Source data:

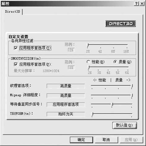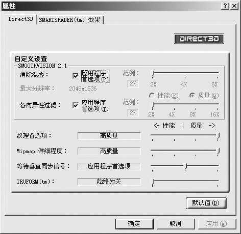 点选“使用自定义设置”再点“自定义按钮”就切换到自定义页面。从Radeon8500开始ATi就使用SmoothVision来命名自己的画质优化技术,到Radeon9800XT,它已经发展到了2.1版。包括了全屏抗锯齿(就是驱动中命名的“消除混叠”)和各向异性过滤两个主要方面。在ATi驱动的具体设置中,如果我们勾选了“应用程序首选项”,就意味着要将全屏抗锯齿和各向异性过滤的级别设置交给3D程序来处理,同时也已经将驱动中的全屏抗锯齿和各向异性过滤功能加以关闭。如果我们取消,就可在驱动中自由设定两者的级别。
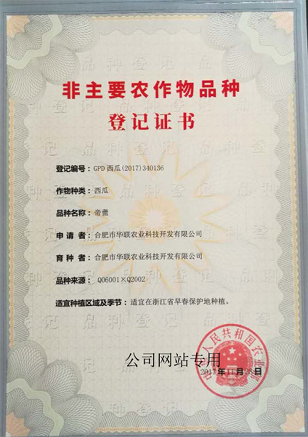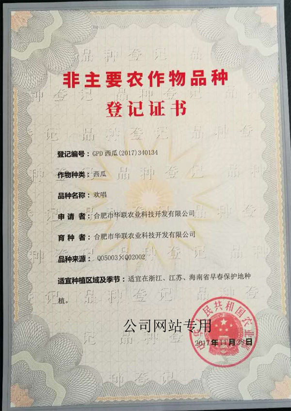 合肥市華聯(lián)農(nóng)業(yè)科技開發(fā)有限公司是一個(gè)以西甜瓜作物育種、制種、經(jīng)營為主的專業(yè)種子公司,注冊資金200萬元,成立于2001年,擁有“興農(nóng)、華聯(lián)、帝蕾、歡唱”等專有商標(biāo)。公司堅(jiān)持誠信務(wù)實(shí)的原則,按照市場經(jīng)濟(jì)規(guī)律運(yùn)作,實(shí)施品牌戰(zhàn)略。公司擁有豐富的種質(zhì)資源,穩(wěn)定的制種基地,完善的營銷網(wǎng)絡(luò),優(yōu)良的質(zhì)量信譽(yù),現(xiàn)已在全國推廣開發(fā)了西瓜、甜瓜和南瓜品種二十多個(gè)。
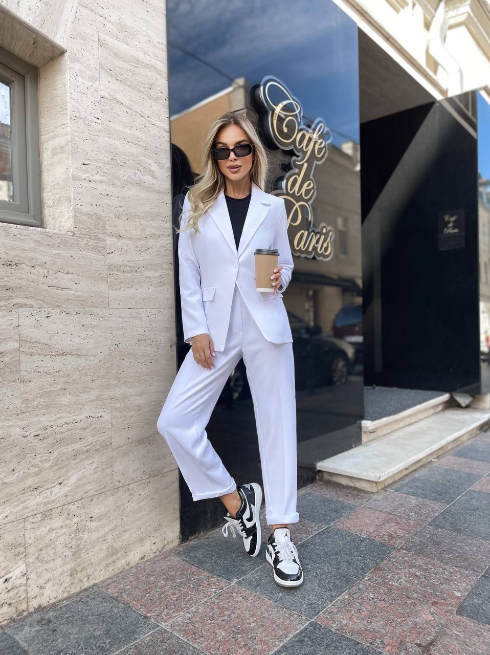 Женский брючный костюм (пиджак на пуговице+брюки) белый
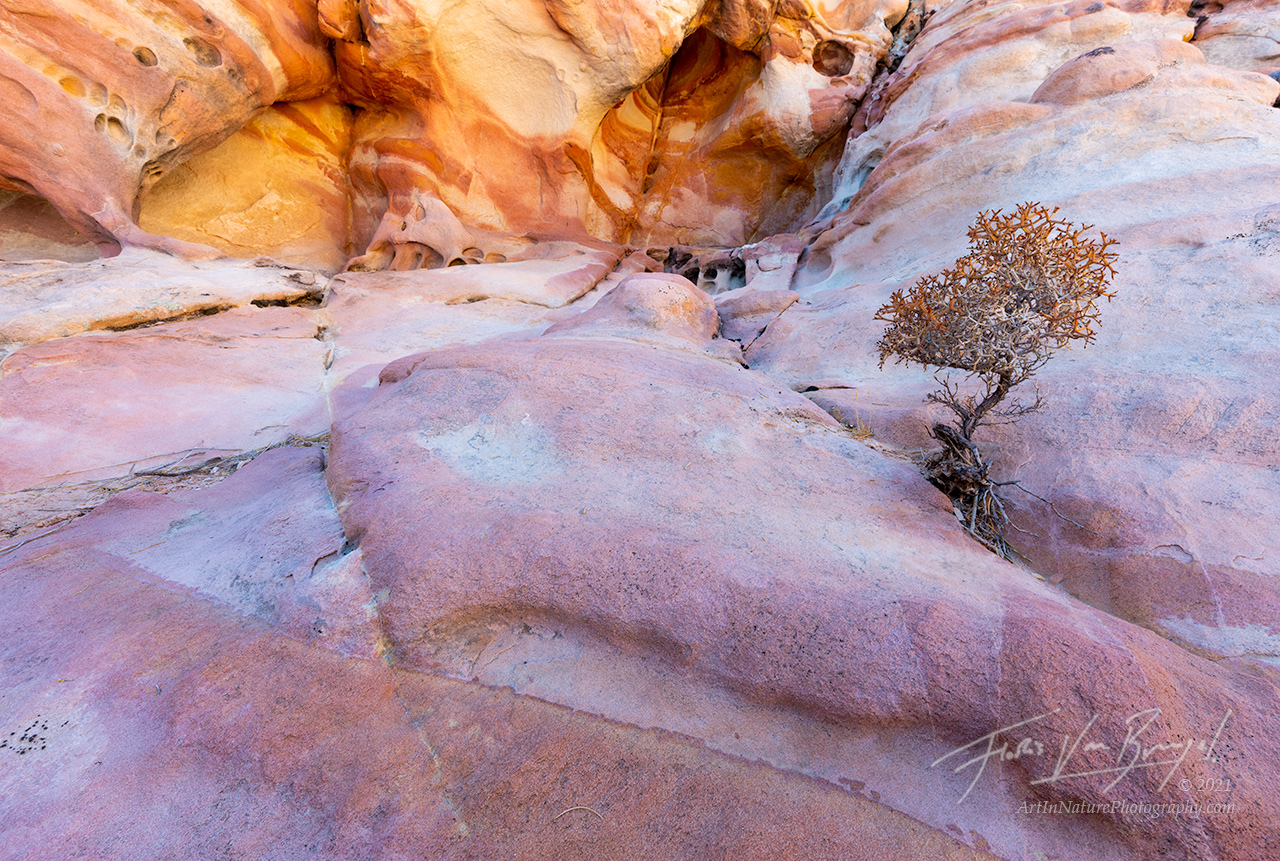 Strange colors and patterns in the sandstone abound in southern Nevada’s sandstone country.
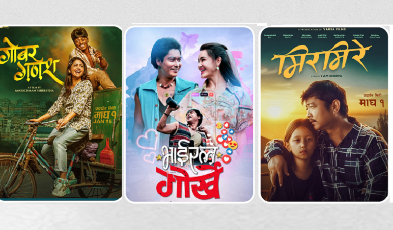 काठमाडौँ, १ माघः माघेसङ्क्रान्तिको अवसर पारेर आजदेखि तीन नयाँ नेपाली चलचित्र ‘गोबर गणेश’, ‘भाइरल गोर्खे’ र ‘मिरमिरे’ नेपालभरका चलचित्र भवनमा प्रदर्शन भएको छ । माघेसङ्क्रान्तिलाई लक्षित गर्दै दिइने बिदालाई लक्षित गर्दै चलचित्रका निर्माता तथा निर्देशकले चलचित्रले दर्शकको साथ पाउने अपेक्षासहित चलचित्र प्रदर्शनमा ल्याएका हुन् । यी तीनै चलचित्र सामाजिक कथावस्तुमा आधारित छन् ।
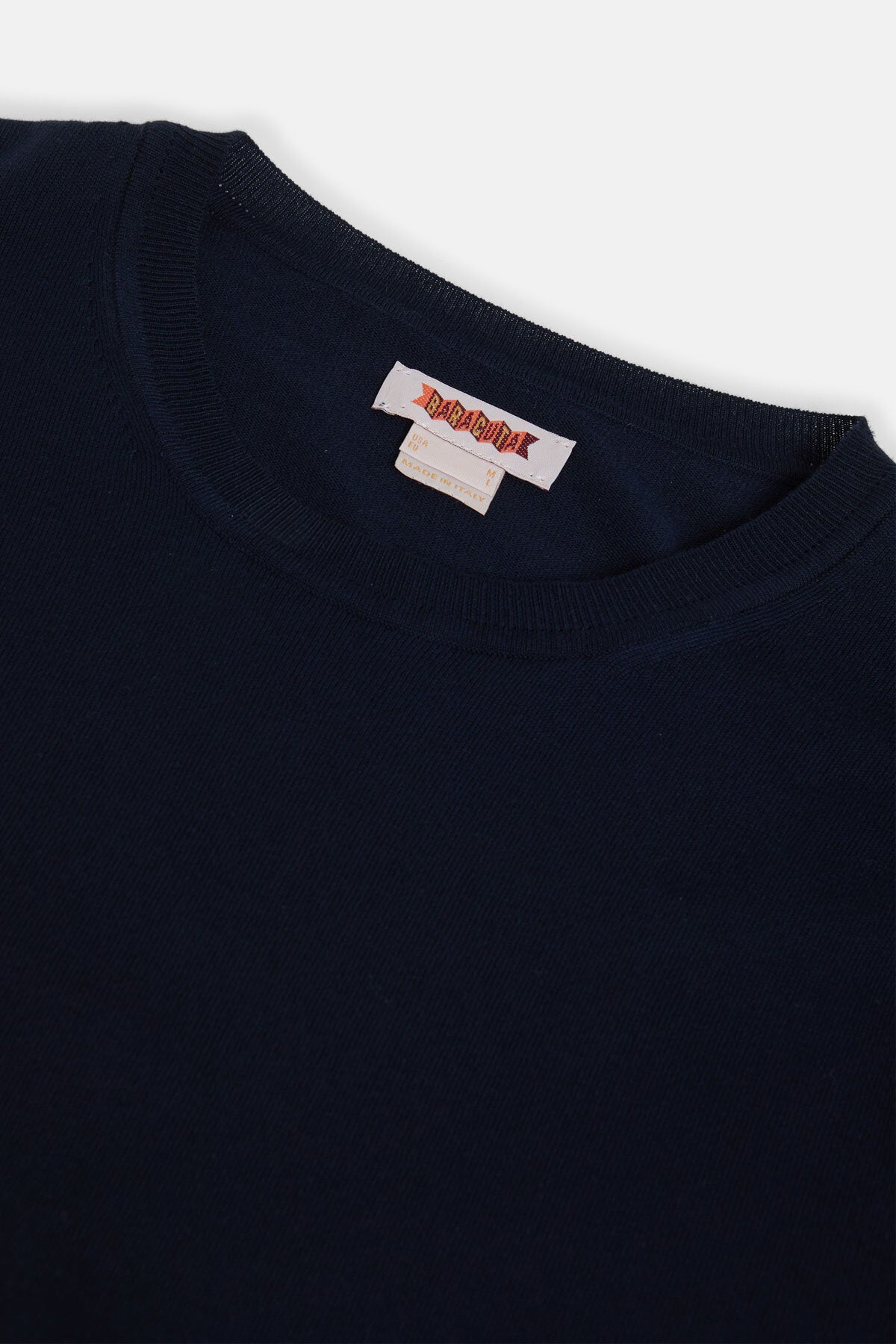 Das Strick-T-Shirt besteht aus 100 % Baumwolle und bietet ein weiches, atmungsaktives Tragegefühl und ein sauberes, strukturiertes Finish.
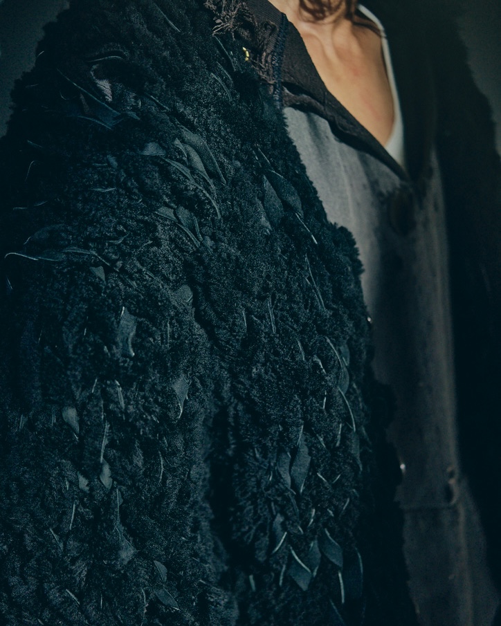 ムートンのアイテムを生産した際に出る端切れ(はぎれ)を無駄にする事なく活用出来ないかという考えのもと誕生したムートンカーディガン"チャーリー"。
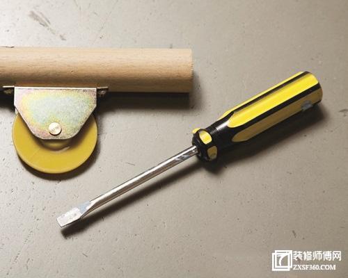 五、準(zhǔn)備好壓條的滾輪和壓條?;蛘呤欠奖愀鼡Q紗窗的作業(yè)的工具。沒(méi)有滾輪的用一字改錐也可以將就用。
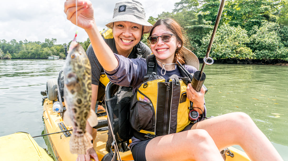 Along the way, you'll pass Singapore’s last remaining floating villages and fish farms, or “Kelongs,” where you can also fish around sunken structures for a variety of bottom fish. And if luck is on your side, local Kelong residents might even invite you up for a cup of tea!
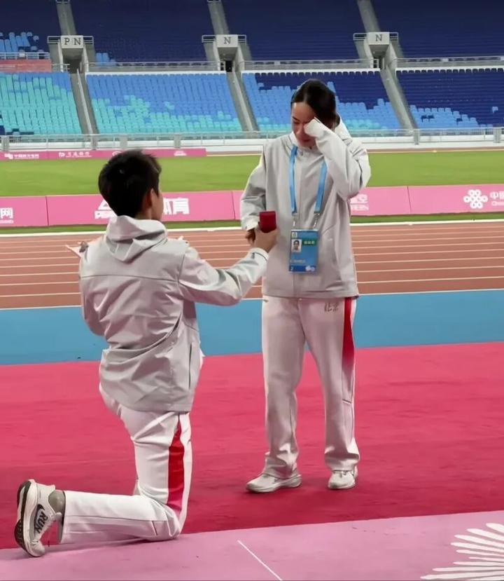 很快,旁边合影的人散开了。张萌宇手捧鲜花,单膝跪下,又拿出早已准备好的戒指,他用手语表示:“以前我们约定好了,我刻苦训练两年成功夺冠,终于向你求婚,嫁给我吧!”

| EXERCISE GOAL |
Exact text is required for the lines from the one with "五、準(zhǔn)備好壓條的" through the last line of the entries, both included. Omit pictures.

| WRITTEN REPLY |
 五、準(zhǔn)備好壓條的滾輪和壓條?;蛘呤欠奖愀鼡Q紗窗的作業(yè)的工具。沒(méi)有滾輪的用一字改錐也可以將就用。
 Along the way, you'll pass Singapore’s last remaining floating villages and fish farms, or “Kelongs,” where you can also fish around sunken structures for a variety of bottom fish. And if luck is on your side, local Kelong residents might even invite you up for a cup of tea!
 很快,旁边合影的人散开了。张萌宇手捧鲜花,单膝跪下,又拿出早已准备好的戒指,他用手语表示:“以前我们约定好了,我刻苦训练两年成功夺冠,终于向你求婚,嫁给我吧!”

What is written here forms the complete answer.